## Task to complete:
Transcribe word for word each line from the one containing "演讲摘要:报告人将从香农熵和" to the final line of the data, both included. Skip the pictures.

## Data provided:
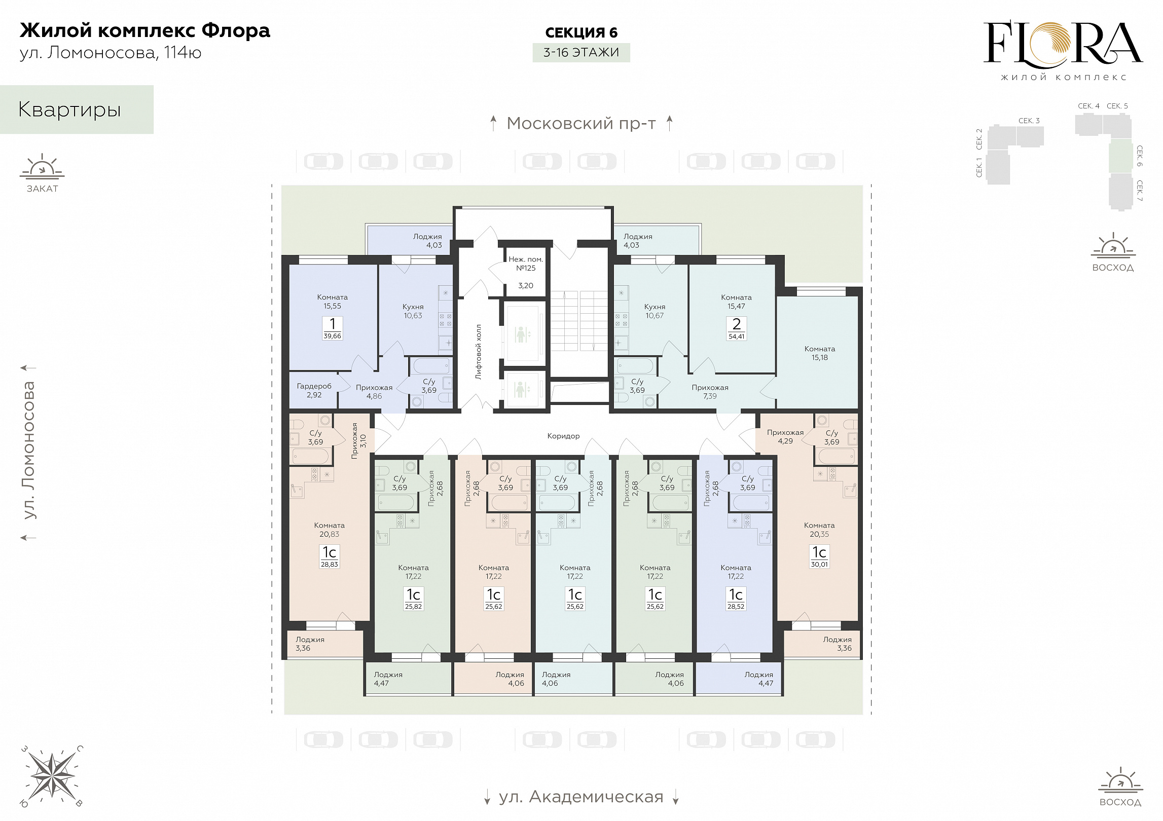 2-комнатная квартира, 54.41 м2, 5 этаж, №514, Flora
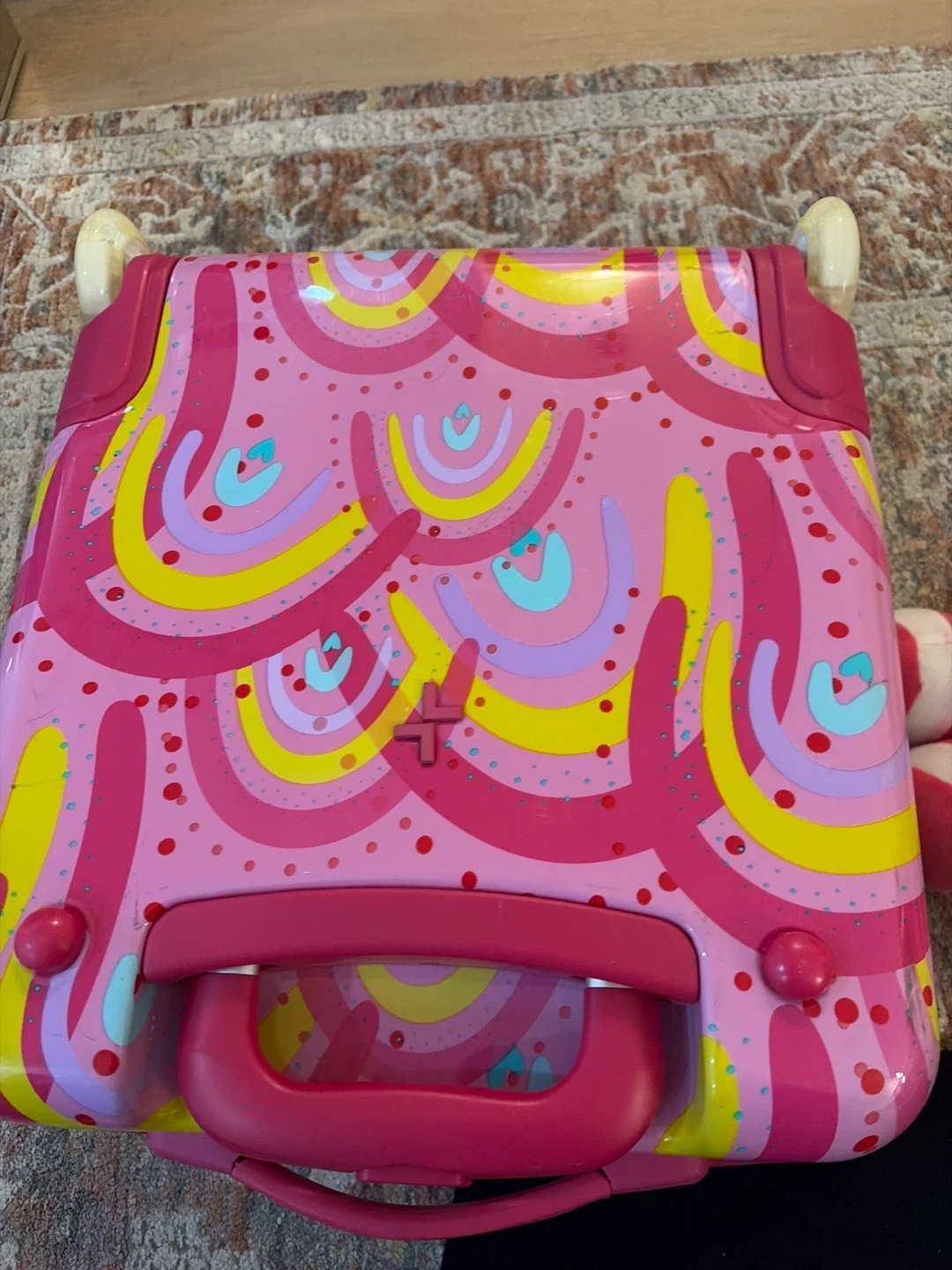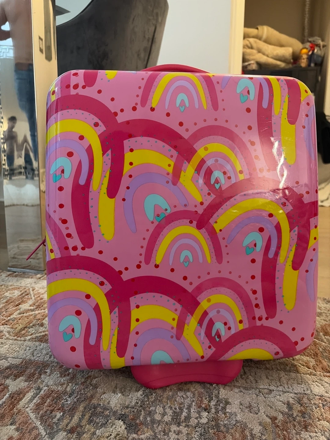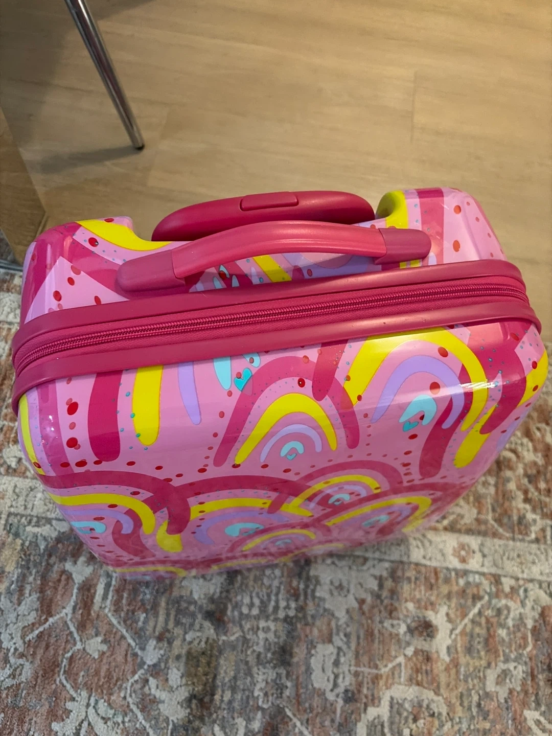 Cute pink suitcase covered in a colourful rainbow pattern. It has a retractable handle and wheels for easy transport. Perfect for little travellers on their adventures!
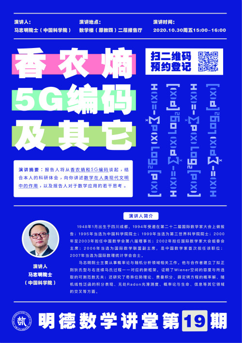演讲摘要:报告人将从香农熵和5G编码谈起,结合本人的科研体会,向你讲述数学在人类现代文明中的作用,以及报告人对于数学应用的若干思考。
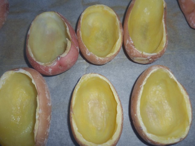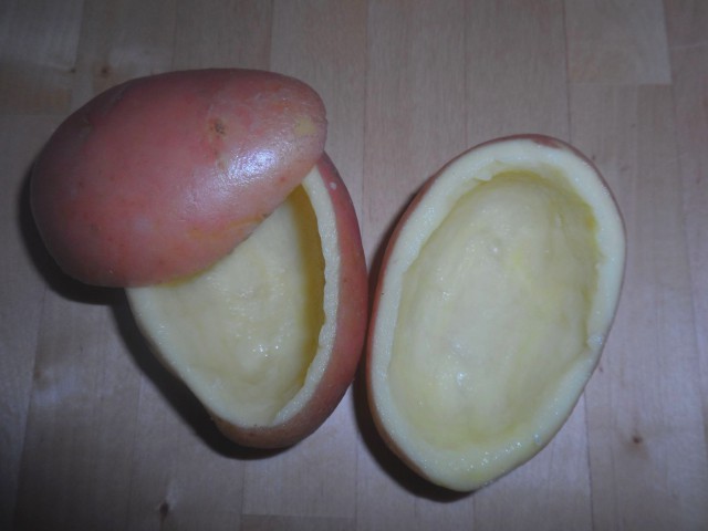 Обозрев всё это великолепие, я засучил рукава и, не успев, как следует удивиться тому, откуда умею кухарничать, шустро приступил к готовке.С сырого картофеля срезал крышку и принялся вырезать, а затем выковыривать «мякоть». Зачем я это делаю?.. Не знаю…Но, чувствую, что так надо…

## Task response:
演讲摘要:报告人将从香农熵和5G编码谈起,结合本人的科研体会,向你讲述数学在人类现代文明中的作用,以及报告人对于数学应用的若干思考。
 Обозрев всё это великолепие, я засучил рукава и, не успев, как следует удивиться тому, откуда умею кухарничать, шустро приступил к готовке.С сырого картофеля срезал крышку и принялся вырезать, а затем выковыривать «мякоть». Зачем я это делаю?.. Не знаю…Но, чувствую, что так надо…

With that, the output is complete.